The bottom line? Consuming 2,000 calories per day is used as the standard guideline, but the total is based on the approximate needs of adults, via the official 2020—2025 Dietary Guidelines for Americans, Healthline reports. This total is used as a point of reference on nutrition labels, which state, “Percent Daily Values are based on a 2,000-calorie diet. Your Daily Values may be higher or lower depending on your calorie needs,” as per the Food and Drug Administration (FDA).

All calories aren’t created equally.

One interesting point to keep in mind is that all calories aren’t created equally. “Certain foods lead to weight gain than others, even when they contain the same amount of calories. Just looking at calories can give you an incomplete picture,” Dr. St. Pierre explained.

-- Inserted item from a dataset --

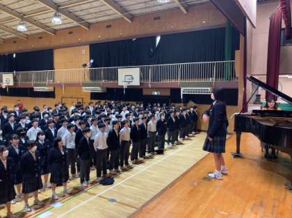 来週火曜日に2回目の全体練習を行います。歌詞を覚えて、さらに視線を上げて、声を上向きに出せるようにしましょう。
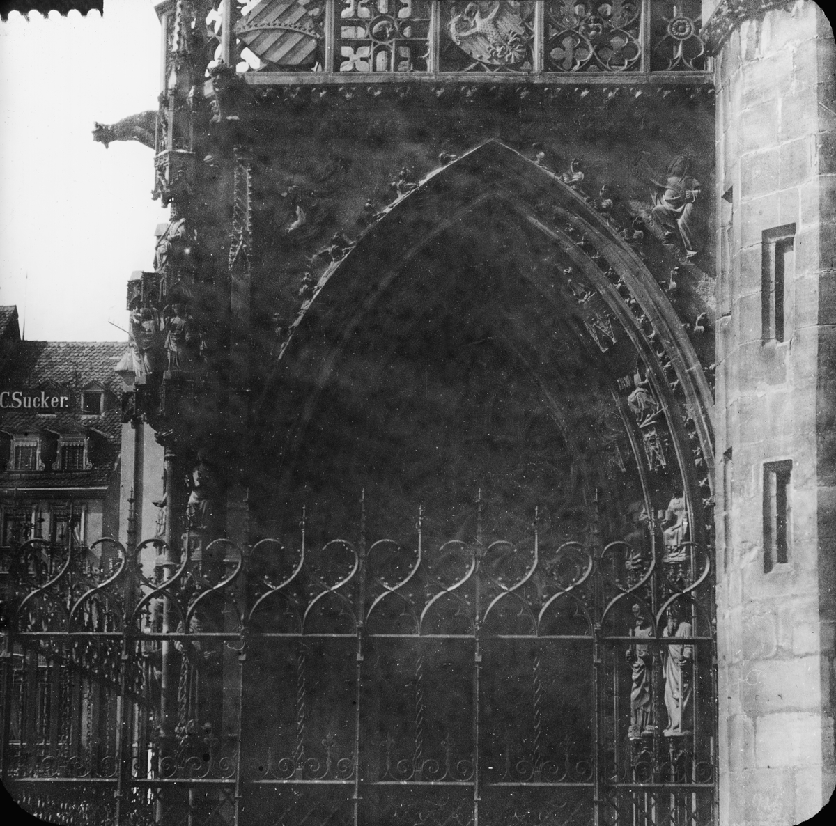 Skioptikonbild med motiv från Nürnberg. Möjligen Sankt Lorenz-Kirche eller Frauenkirche.

It’s always a smart idea to speak with your healthcare professional to learn the right amount of calories your body needs based on your size, shape, and lifestyle. Whether or not you exercise each day plays a big part in this number. “The safest and most sustainable way to achieve your nutrition goals is to involve an expert,” Dr. St. Pierre says, adding, “There’s so much misinformation out there. We can make sure you’re on a path that will actually have a long-term impact—and that’s right for you.”

Be mindful of the nutritional value of the items you put into your shopping cart (and your belly).
Know what you’re buying, including the ingredients and nutritional value of the items you choose. Regardless of how many calories you limit yourself to each day, the majority of them should be healthy ones. According to WebMD, it’s important to include dark green, orange, and red vegetables; lentils, peas, and beans; and a few starchy veggies, too. Stay away from saturated fats, empty calories, additional sugar, and sodium.